* _Activity_
Leave out the pictures and output exactly the lines below from the one with "Altın Renk Taşlı" down to the one with "Alvinka 385X222 Cm", both of them included.

* _Material for this exercise_
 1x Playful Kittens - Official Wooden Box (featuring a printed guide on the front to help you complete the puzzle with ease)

==

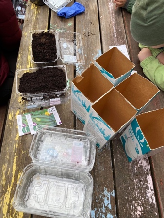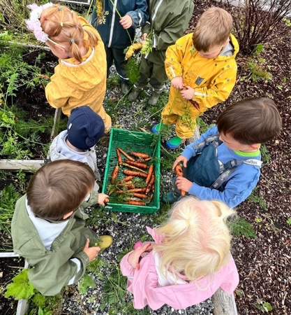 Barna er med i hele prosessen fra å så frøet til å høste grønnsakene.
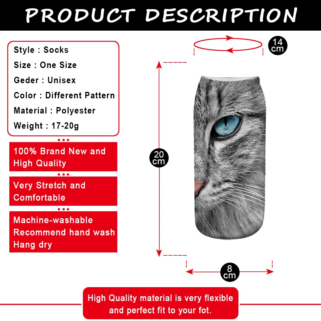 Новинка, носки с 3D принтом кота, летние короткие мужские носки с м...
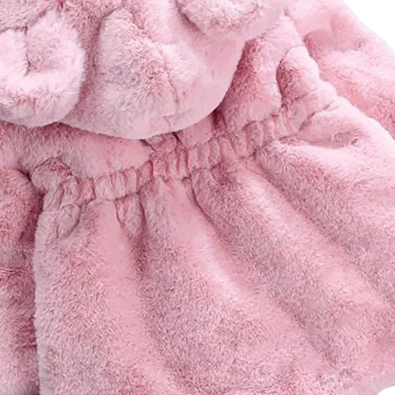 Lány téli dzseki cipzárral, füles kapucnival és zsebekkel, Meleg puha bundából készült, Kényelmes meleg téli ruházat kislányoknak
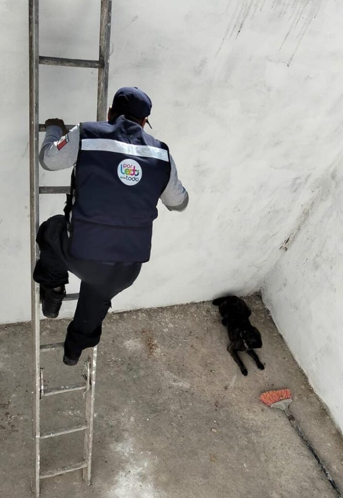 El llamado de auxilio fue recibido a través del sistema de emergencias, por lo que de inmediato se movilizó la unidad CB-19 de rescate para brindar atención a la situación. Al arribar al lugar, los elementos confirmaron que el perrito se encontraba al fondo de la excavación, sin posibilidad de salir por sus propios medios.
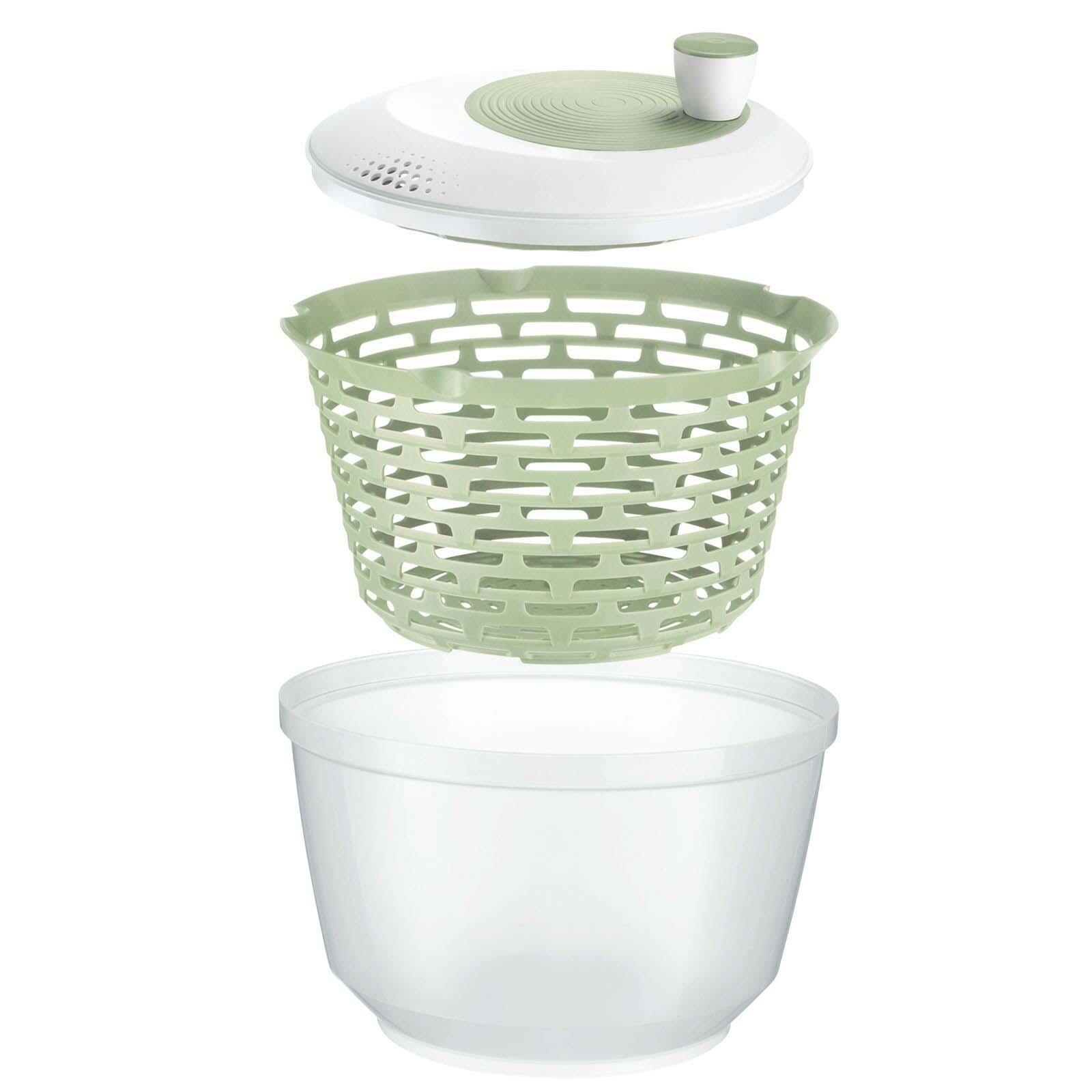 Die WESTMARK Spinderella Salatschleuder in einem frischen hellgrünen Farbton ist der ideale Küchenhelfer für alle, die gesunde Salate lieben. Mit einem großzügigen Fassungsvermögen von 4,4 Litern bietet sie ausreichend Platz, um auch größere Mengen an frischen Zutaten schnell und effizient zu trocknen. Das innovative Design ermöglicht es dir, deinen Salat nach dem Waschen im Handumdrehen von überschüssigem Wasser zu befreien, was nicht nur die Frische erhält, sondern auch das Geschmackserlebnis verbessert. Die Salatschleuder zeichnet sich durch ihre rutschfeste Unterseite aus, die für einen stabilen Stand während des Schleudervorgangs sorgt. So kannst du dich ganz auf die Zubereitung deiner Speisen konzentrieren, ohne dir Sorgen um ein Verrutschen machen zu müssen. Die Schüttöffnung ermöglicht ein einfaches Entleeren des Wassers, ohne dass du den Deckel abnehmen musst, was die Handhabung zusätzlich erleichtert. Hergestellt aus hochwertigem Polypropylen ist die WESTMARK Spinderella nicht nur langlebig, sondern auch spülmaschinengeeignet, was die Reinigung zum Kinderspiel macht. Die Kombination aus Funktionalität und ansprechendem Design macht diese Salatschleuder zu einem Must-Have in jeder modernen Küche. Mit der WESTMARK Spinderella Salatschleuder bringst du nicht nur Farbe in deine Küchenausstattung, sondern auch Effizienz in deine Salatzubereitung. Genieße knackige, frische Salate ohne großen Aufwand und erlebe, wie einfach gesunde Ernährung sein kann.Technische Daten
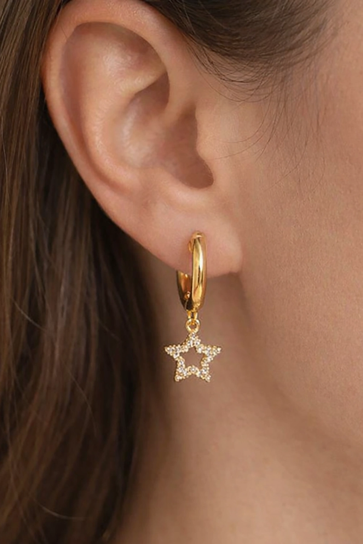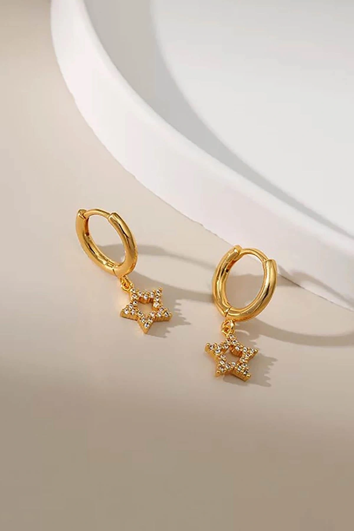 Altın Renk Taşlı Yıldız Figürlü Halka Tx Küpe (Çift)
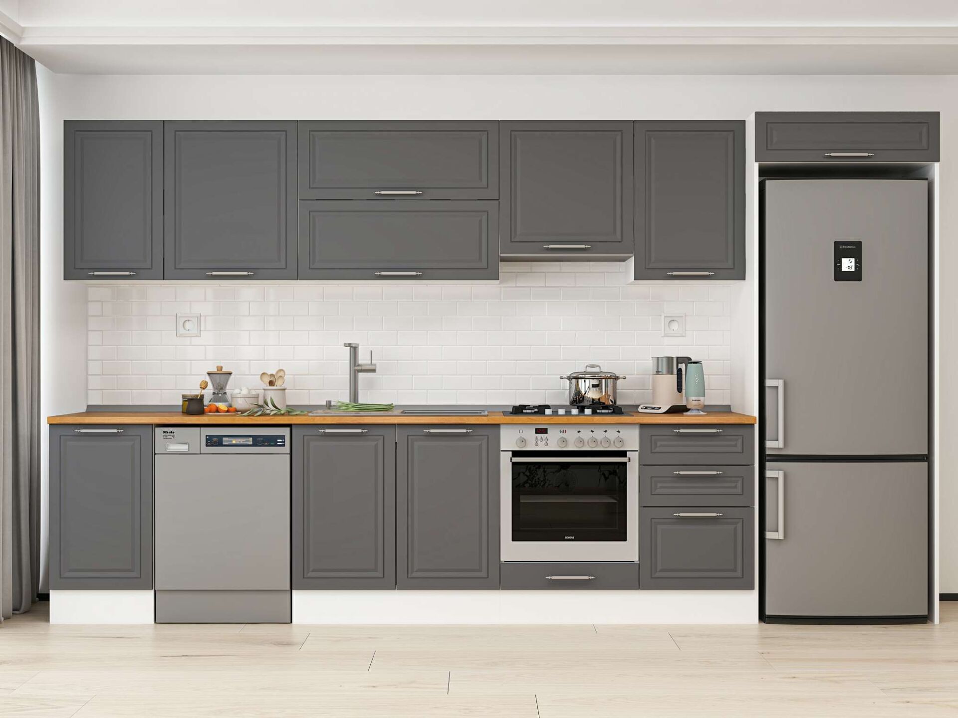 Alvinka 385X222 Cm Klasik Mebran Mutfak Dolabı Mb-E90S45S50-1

* _Task response_
 Altın Renk Taşlı Yıldız Figürlü Halka Tx Küpe (Çift)
 Alvinka 385X222 Cm Klasik Mebran Mutfak Dolabı Mb-E90S45S50-1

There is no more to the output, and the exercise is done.